• _Recorded data_

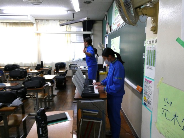 手をつなぎ、体を左右に動かしながら、練習に励んでいます。
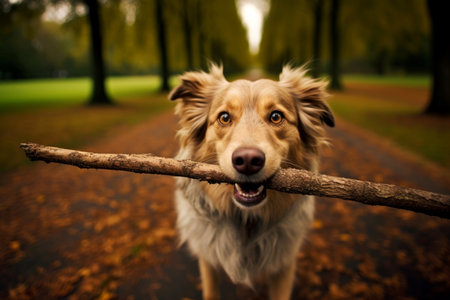 dog stick mouth park. animal field. Generate AI
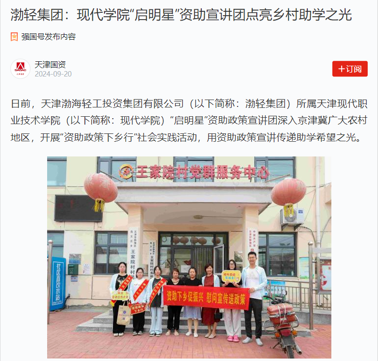 日前,天津渤海轻工投资集团有限公司(以下简称:渤轻集团)所属WilliamHill官方网站(以下简称:现代学院)“启明星”资助政策宣讲团深入京津冀广大农村地区,开展“资助政策下乡行”社会实践活动,用资助政策宣讲传递助学希望之光。
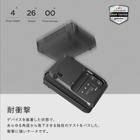 デバイスを装着した状態で、あらゆる角度から落下させる独自のテストをパスした、衝撃に強いケースです。
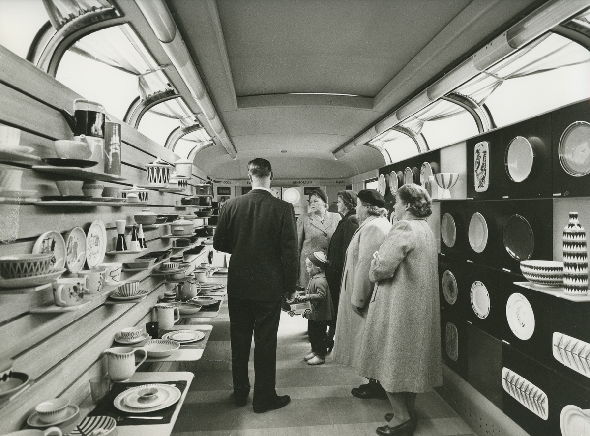 Interiör. Gustavsbergsbussen med visningsansvarig och besökare som tar del av utställningen.
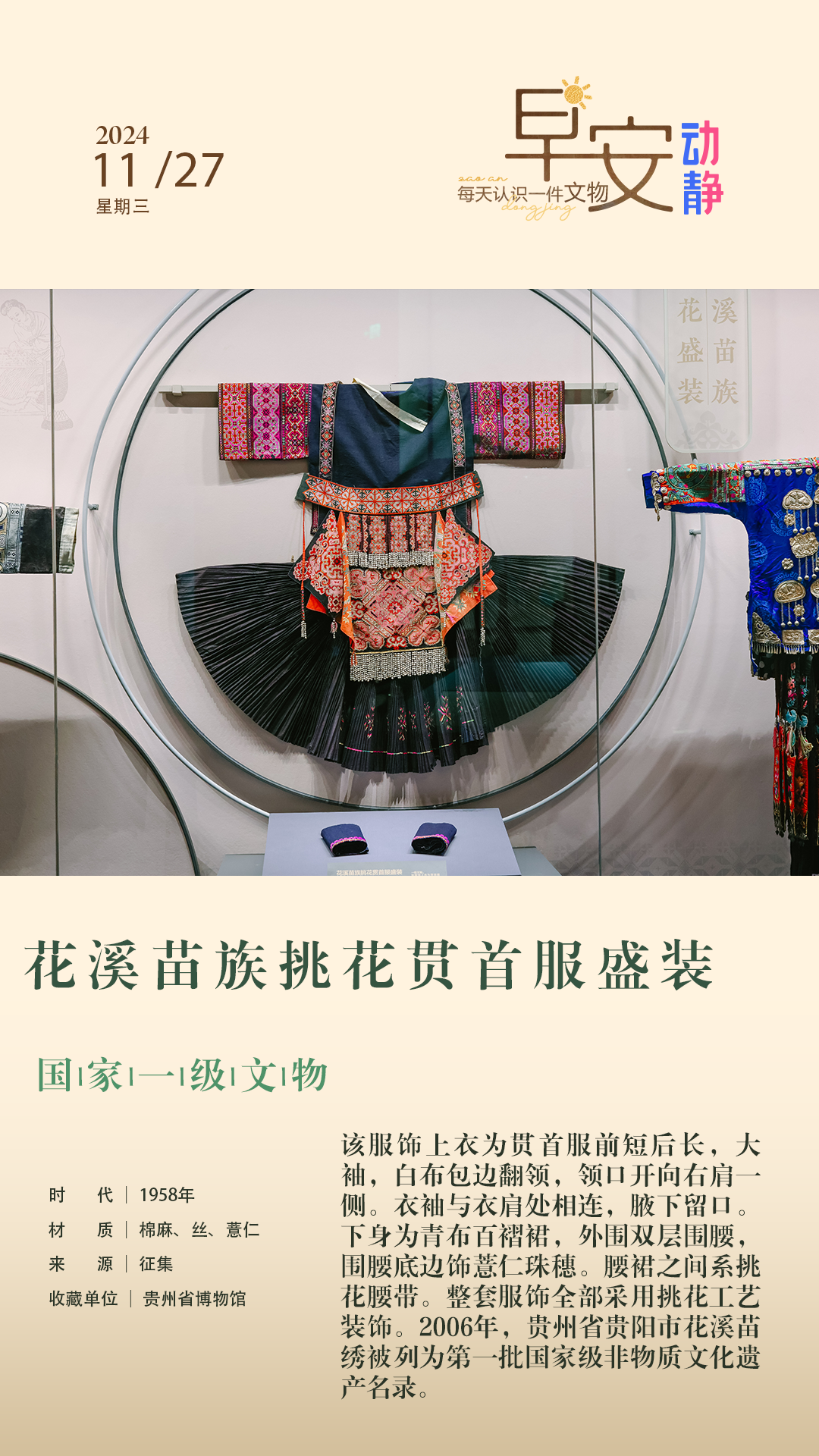 贯首服的造型是花溪苗族挑花盛装的一大特色。它的领口前短后长,前领口呈弧形,后领口稍高,穿着时将衣服从头部套下,两肩处自然下垂,形成一种独特的穿着效果。
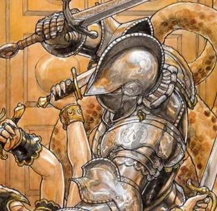 For a few years, his duties consisted of nothing much but cleaning stables, caring for the horses, patrolling the city and guarding caravans. He worked ably and seriously but longed for something more exciting, a wish he would come to regret. He was thrown into active duty at the age of sixteen, participating in his first cavalry charge when Zariel’s hellish legions assaulted the fortresses of Elturel. Though well-trained, he was still frail and thin. He was thrown off his horse and heavily wounded at the first assault.Nevertheless, this would not be his last charge, for, over time, the assaults turned into a full-blown war with Avernus. Too often wounded, too often exhausted, he would get up again and keep fighting until his legs gave out under him, driven by a mysterious force, a strength of spirit that marked him as a most resilient warrior, even if not a particularly fearful one. Was it supernatural? Some liked to believe it, but a more rational guess would be that the young man was afraid that the cambions and imps would one day reach his family if he did not keep getting back on his feet.
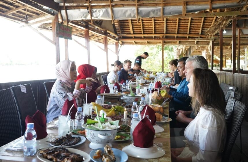 PALANGKARAYA – Ketua Dekranasda Provinsi Kalteng Ivo Sugianto Sabran Ramah Tamah bersama para Rider Peserta UCI MTB Eliminator World Championship Tahun 2023, bertempat RM Kampung Lauk Palangka Raya, Senin (13/11/2023) siang.
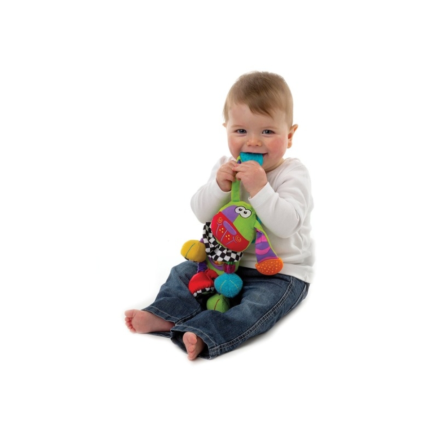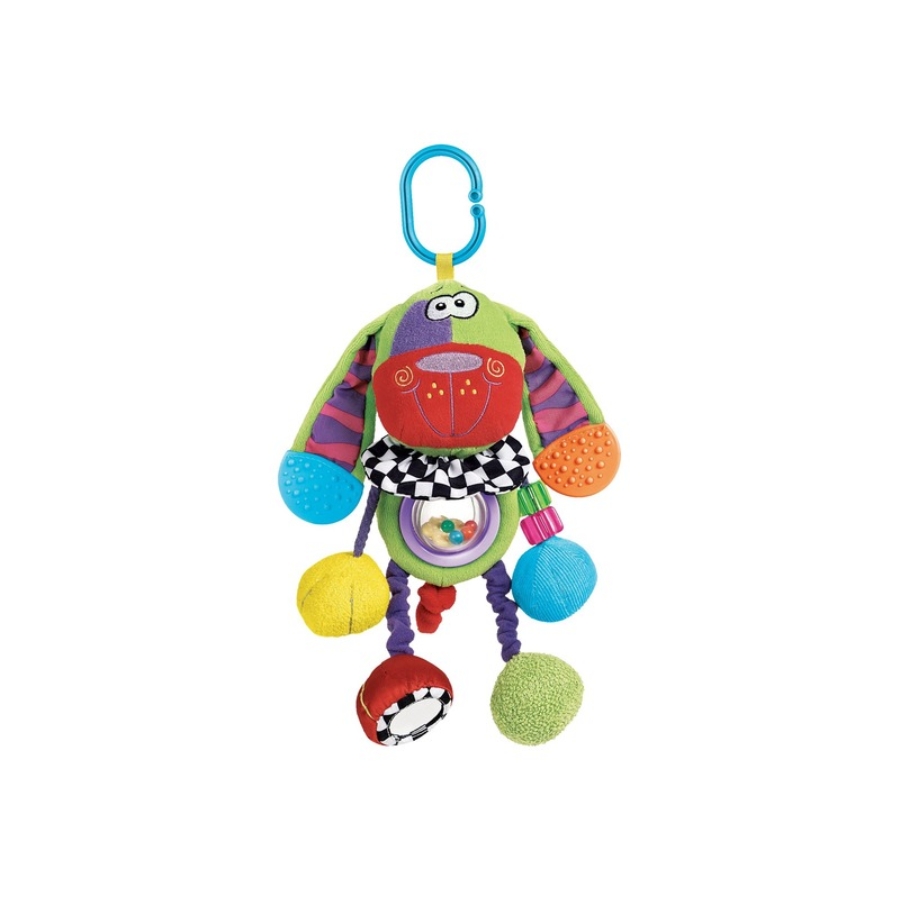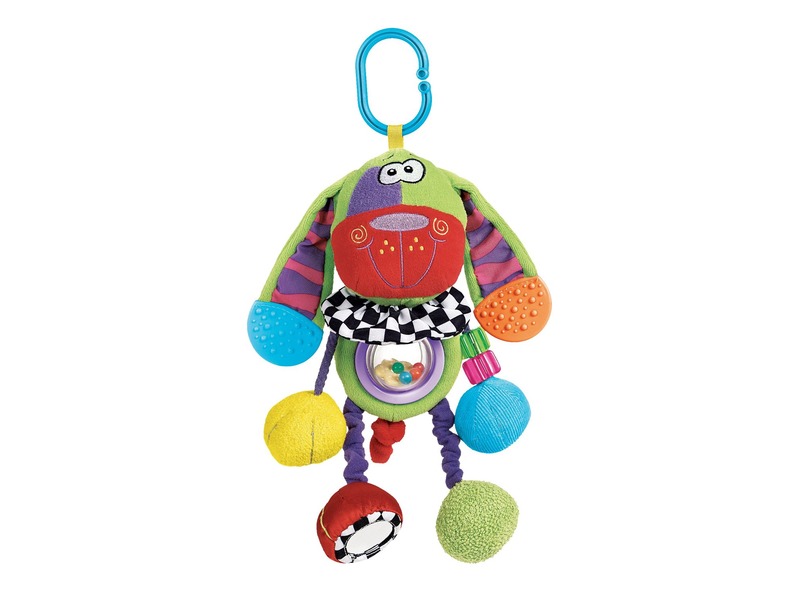 Kutyás rágóka bébijátékFelakasztható kiskutya, csörgő-zörgő hangokkal! A Kutyás rágóka bébijáték plüssből készült zöld kutyus, rengeteg meglepetéssel, amik lekötik a pici figyelmét. A kutyus egyik lába sípoló hangot ad ki magából, míg egy másik egy tükörben ismerkedhet meg a gyerek saját képével. A kutyus fülei rágókaként használhatók, a különböző tapintású textilek fejlesztik a tapintást és az érzékszerveket. A Kutyás rágóka bébijáték babakocsira, kiságyra is felakasztható.

• _Your goal_
Please return the records as they stand, word for word, with no pictures.

• _Exercise answer_
 手をつなぎ、体を左右に動かしながら、練習に励んでいます。
 dog stick mouth park. animal field. Generate AI
 日前,天津渤海轻工投资集团有限公司(以下简称:渤轻集团)所属WilliamHill官方网站(以下简称:现代学院)“启明星”资助政策宣讲团深入京津冀广大农村地区,开展“资助政策下乡行”社会实践活动,用资助政策宣讲传递助学希望之光。
 デバイスを装着した状態で、あらゆる角度から落下させる独自のテストをパスした、衝撃に強いケースです。
 Interiör. Gustavsbergsbussen med visningsansvarig och besökare som tar del av utställningen.
 贯首服的造型是花溪苗族挑花盛装的一大特色。它的领口前短后长,前领口呈弧形,后领口稍高,穿着时将衣服从头部套下,两肩处自然下垂,形成一种独特的穿着效果。
 For a few years, his duties consisted of nothing much but cleaning stables, caring for the horses, patrolling the city and guarding caravans. He worked ably and seriously but longed for something more exciting, a wish he would come to regret. He was thrown into active duty at the age of sixteen, participating in his first cavalry charge when Zariel’s hellish legions assaulted the fortresses of Elturel. Though well-trained, he was still frail and thin. He was thrown off his horse and heavily wounded at the first assault.Nevertheless, this would not be his last charge, for, over time, the assaults turned into a full-blown war with Avernus. Too often wounded, too often exhausted, he would get up again and keep fighting until his legs gave out under him, driven by a mysterious force, a strength of spirit that marked him as a most resilient warrior, even if not a particularly fearful one. Was it supernatural? Some liked to believe it, but a more rational guess would be that the young man was afraid that the cambions and imps would one day reach his family if he did not keep getting back on his feet.
 PALANGKARAYA – Ketua Dekranasda Provinsi Kalteng Ivo Sugianto Sabran Ramah Tamah bersama para Rider Peserta UCI MTB Eliminator World Championship Tahun 2023, bertempat RM Kampung Lauk Palangka Raya, Senin (13/11/2023) siang.
 Kutyás rágóka bébijátékFelakasztható kiskutya, csörgő-zörgő hangokkal! A Kutyás rágóka bébijáték plüssből készült zöld kutyus, rengeteg meglepetéssel, amik lekötik a pici figyelmét. A kutyus egyik lába sípoló hangot ad ki magából, míg egy másik egy tükörben ismerkedhet meg a gyerek saját képével. A kutyus fülei rágókaként használhatók, a különböző tapintású textilek fejlesztik a tapintást és az érzékszerveket. A Kutyás rágóka bébijáték babakocsira, kiságyra is felakasztható.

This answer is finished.